Não é um processo simples. Primeiro, porque, para aumentar o número de doses, seria preciso reduzir a fabricação de outras vacinas, como a tríplice viral. Em segundo lugar, porque o processo de produção é longo e complexo.
A PRODUÇÃO
A tecnologia foi desenvolvida nos anos 1930 e, em 1951, rendeu o prêmio Nobel ao sul-africano Max Theiler.
Tudo começa com ovos de galinha produzidos sem patógenos -agentes causadores de doenças.
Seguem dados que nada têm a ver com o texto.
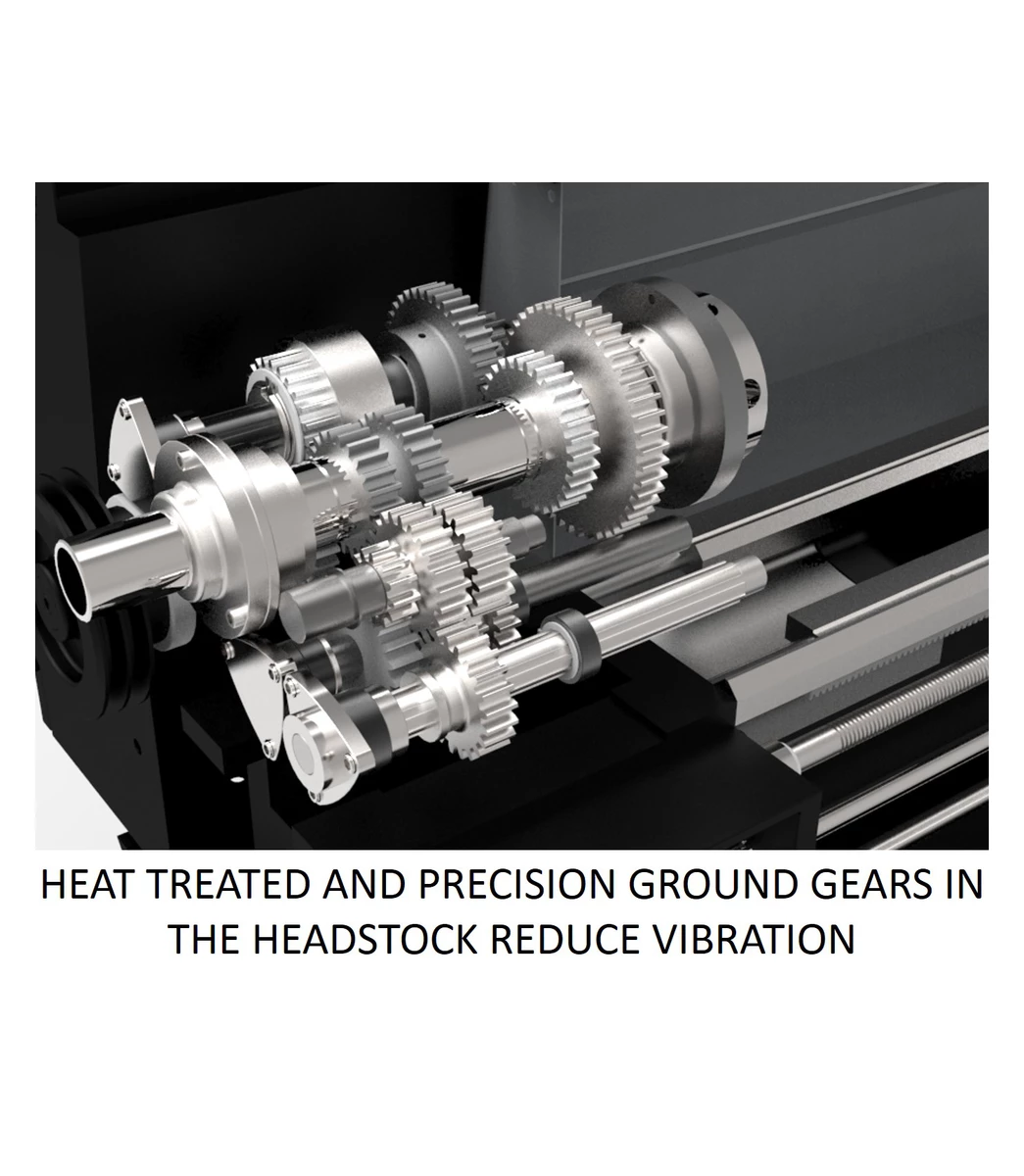 - Engrenages trempés et rectifiés dans la poupée fixe qui réduisent les vibrations et la déviation
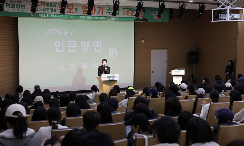 [중구 세계타임즈=심하린 기자] 인천시 중구(구청장 김정헌)는 지난 26일 영종복합문화센터 대강당에서 아들 교육 전문가 최민준 자라다 남아미술연구소 소장을 초빙해 ‘2026 중구 인문향연’을 성황리에 개최했다.
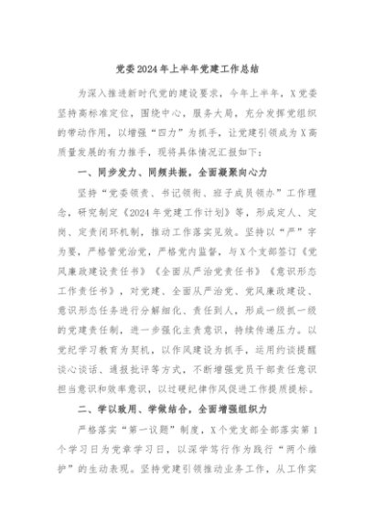/ 【七哥公文】2024年:党委2024年上半年党建工作总结+更多免费公文+VX:QiGeGongWen2024
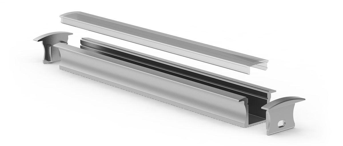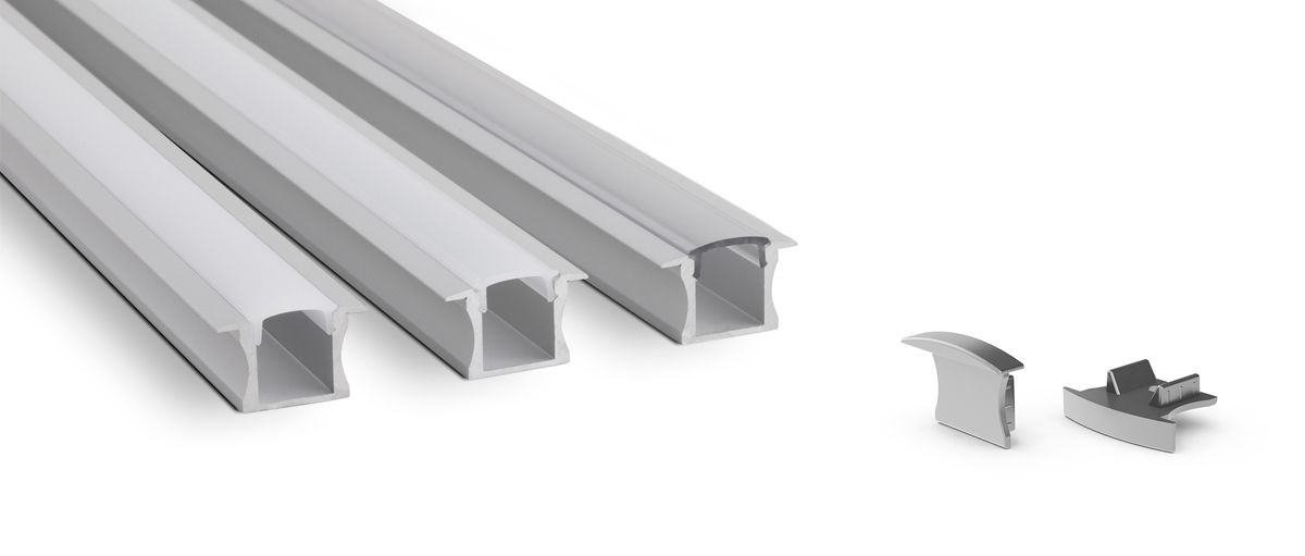 A miniature recess-mounted anodised aluminium linear LED profile, available with a transparent cover, frosted or opal polycarbonate diffusers
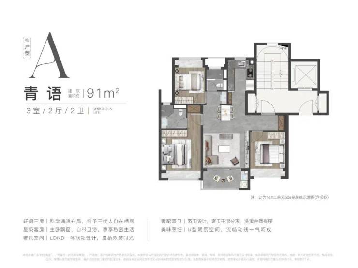 约91㎡三房两卫:经典小户型,功能齐全,适合首置家庭。
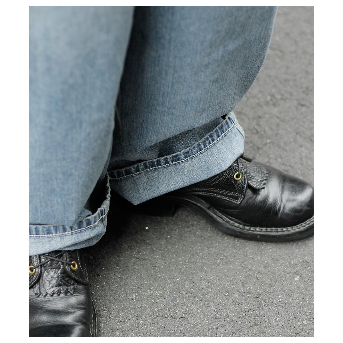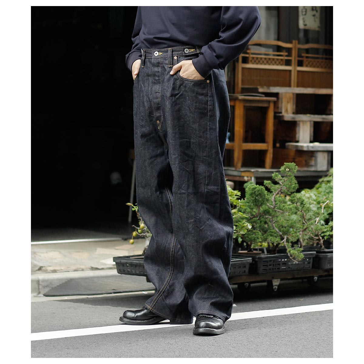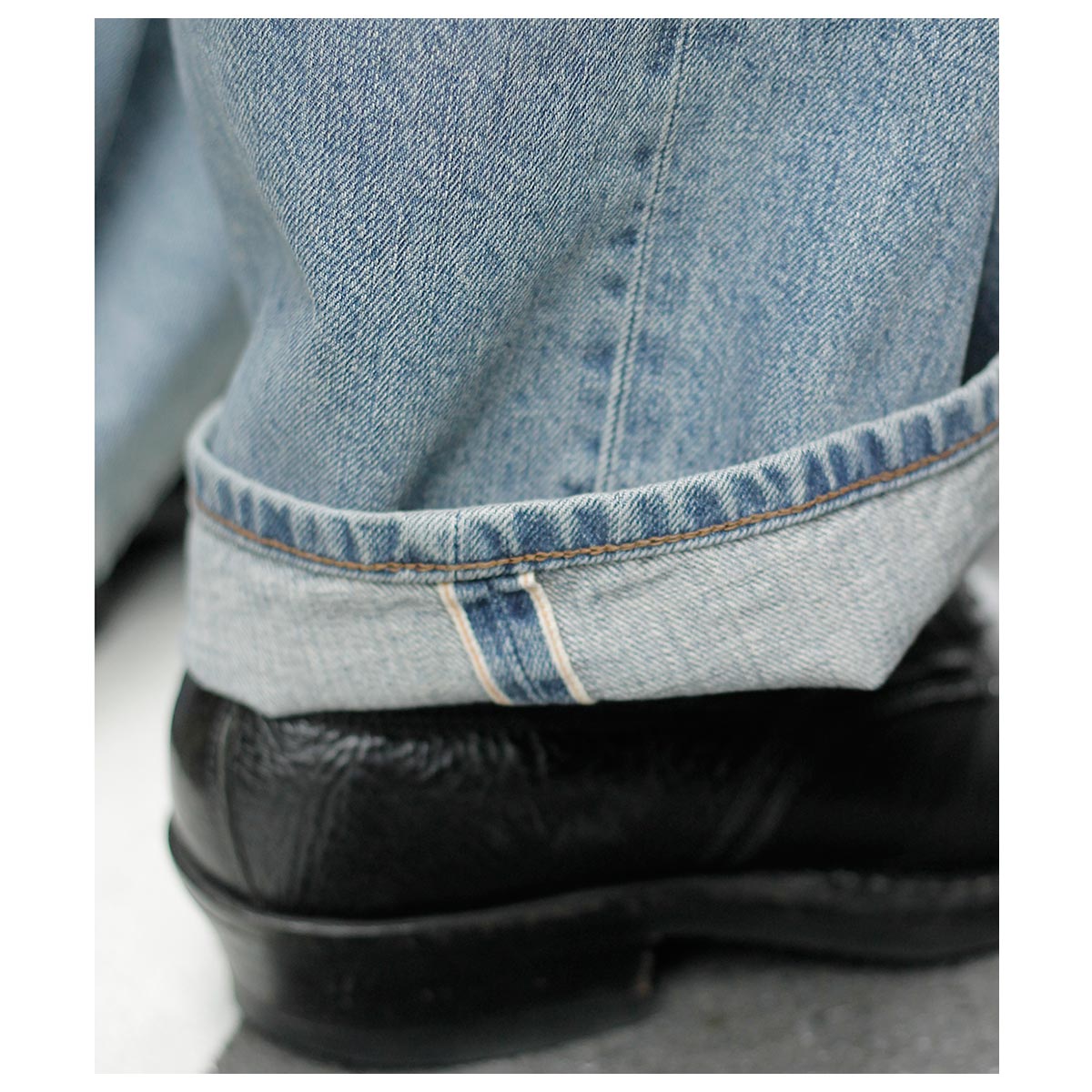 1971年の「13MWZ」をベースとしたモデル。 それまでの左綾デニムから「ブロークン・デニム」へと進化した際の 1stモデル。右綾や左綾に生じる「斜行/ネジレ」を解消するために 開発されたオリジナルファブリック。 COWBOY CUTと呼ばれる、ブーツの収まりが良いストレートなカットが特徴的です。

No caso de Bio-Manguinhos, eles vêm de um produtor no Triângulo Mineiro. “Para produzir esse tipo de ovo, é necessário ter instalações especiais, certificadas e com todos os testes de controle de qualidade”, explica Akira Homma, assessor científico sênior do instituto.
Cada ovo é inoculado com uma cepa atenuada do vírus da febre amarela e rende até 200 doses. Com todos os insumos à disposição, a vacina leva ao menos 60 dias para ficar pronta. As etapas finais envolvem grandes maquinários, que precisam de limpeza e desinfecção cuidadosos.
“Por requerer alto investimento em instalações, equipamentos, procedimentos, recursos humanos altamente qualificados, o custo de produção é alto, e o preço é um dos mais baixos entre as vacinas existentes”, diz Homma.
Já o mercado está centrado na África e América do Sul. Nos países desenvolvidos a vacina é usada só por quem vai viajar para áreas afetadas. Portanto, “o retorno financeiro é baixo e o risco é alto”, define o assessor.
“Vivemos um problema de produção também de BCG [contra a tuberculose], que pouco interessa a outros investidores de fora”, diz Isabela Ballalai, da Sociedade Brasileira de Imunizações. Também nessa imunização o Brasil é autossuficiente. “Estamos muito bem [na produção de vacinas] quando comparados a outros países não ricos.”
Diretor do Instituto Evandro Chagas e especialista em febre amarela, Pedro Vasconcelos defende que se estude novas tecnologias para produzir a vacina da febre amarela. “Chegou a hora de pensar em uma nova abordagem tão ou mais segura que possa ampliar a nossa produção no mesmo espaço”, diz.Atualmente, Bio-Manguinhos pesquisa a produção de doses com o vírus inativado ou feitas a partir de folhas de tabaco, em vez de ovos. Os estudos, porém, ainda estão em estágio inicial. Com informações da Folhapress.